After they had been three hours travelling, a thought made them draw up: "The road from Chavignolles to Bretteville!—was it the old or the new road? It must be the old!"
They went back, and rushed through the neighbourhood at random, the direction of the old road not being easy to discover.
Marcel went jumping from right to left, like a spaniel running at field-sports. Bouvard was compelled to call him back every five minutes. Pécuchet advanced step by step, holding the rod by the two branches, with the point upwards. Often it seemed to him that a force and, as it were, a cramp-iron drew it towards the ground; and Marcel very rapidly made a notch in the neighbouring trees, in order to find the place later.
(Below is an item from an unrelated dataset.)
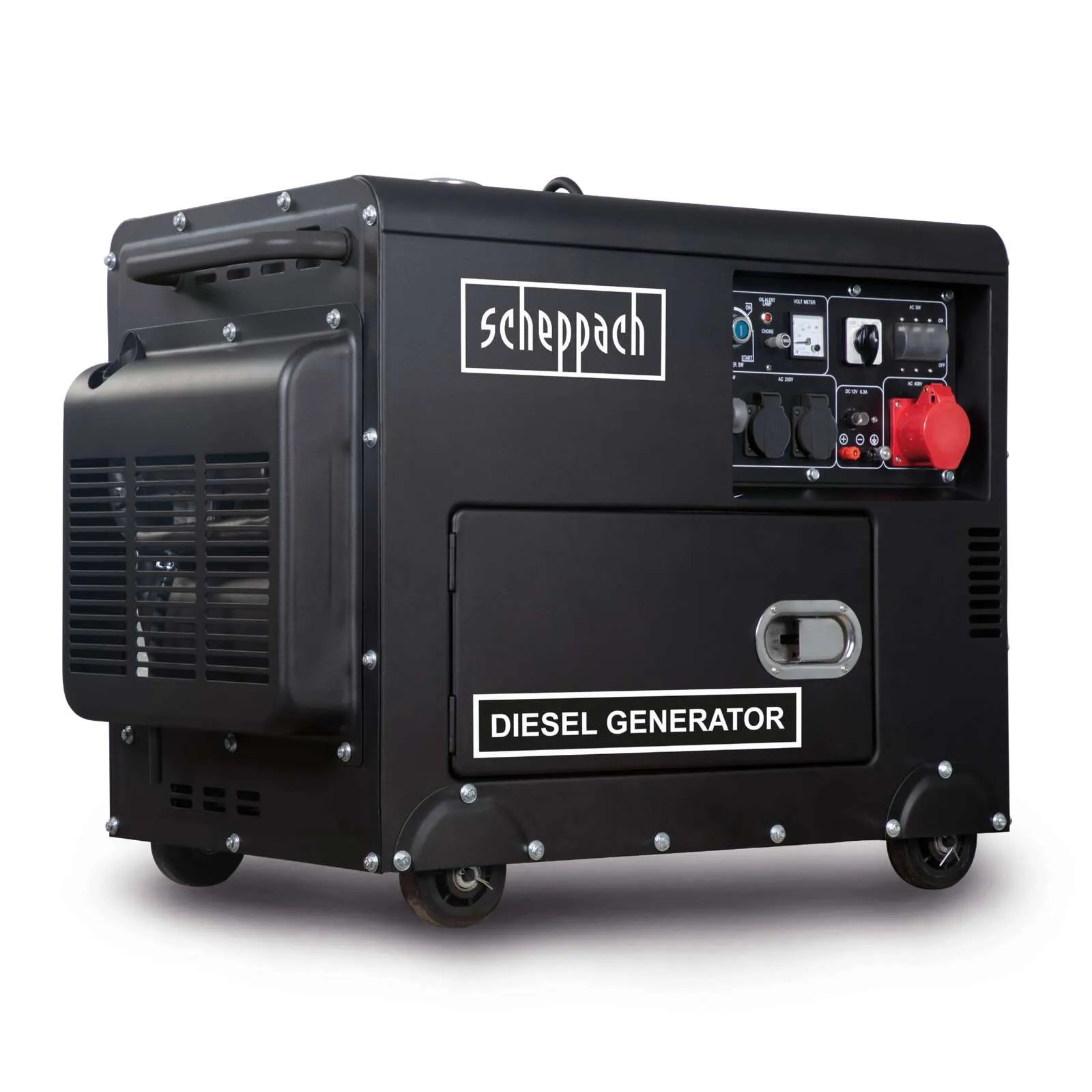 Der Stromerzeuger verfügt über ein geschlossenes, robustes Gehäuse mit Lüftungsschlitzen, vier Rädern sowie einem Handgriff und einer Feststellbremse zur Positionierung. Ausgestattet ist das Aggregat mit einem luftgekühlten 4-Takt-Dieselmotor, Elektrostart und einer Tankanzeige; zur Motorsicherung ist eine Ölmängelsicherung integriert. Zur elektrischen Ausstattung gehören eine AVR-Spannungsregelung, Überlastungsschutzschalter sowie Anschlüsse für 400 V, zwei 230 V Steckdosen und einen 12 V DC-Ausgang. Der Kraftstofftank bietet ein Fassungsvermögen von 16 Litern und ermöglicht bei Teillast einen Verbrauch von rund 1,43 l/h; das Gesamtgewicht des Geräts beträgt 148 kg.

Pécuchet, however, slackened his pace. His mouth was open; the pupils of his eyes were contracted. Bouvard questioned him, caught hold of his shoulders, and shook him. He did not stir, and remained inert, exactly like La Barbée. Then he said he felt around his heart a kind of compression, a singular experience, arising from the rod, no doubt, and he no longer wished to touch it.
They returned next day to the place where the marks had been made on the trees. Marcel dug holes with a spade; nothing, however, came of it, and each time they felt exceedingly sheepish. Pécuchet sat down by the side of a ditch, and while he mused, with his head raised, striving to hear the voices of the spirits through his astral body, asking himself whether he even had one, he fixed his eyes on the peak of his cap; the ecstasy of the previous day once more took possession of him. It lasted a long time, and became dreadful.
Above some oats in a by-path appeared a felt hat: it was that of M. Vaucorbeil on his mare.
Bouvard and Marcel called out to him.
The crisis was drawing to an end when the physician arrived. In order to examine Pécuchet he lifted his cap, and perceiving a forehead covered with coppery marks:
"Ha! ha! Fructus belli! Those are love-spots, my fine fellow! Take care of yourself. The deuce! let us not trifle with love."
Pécuchet, ashamed, again put on his cap, a sort of head-piece that swelled over a peak shaped like a half-moon, the model of which he had taken from the Atlas of Amoros.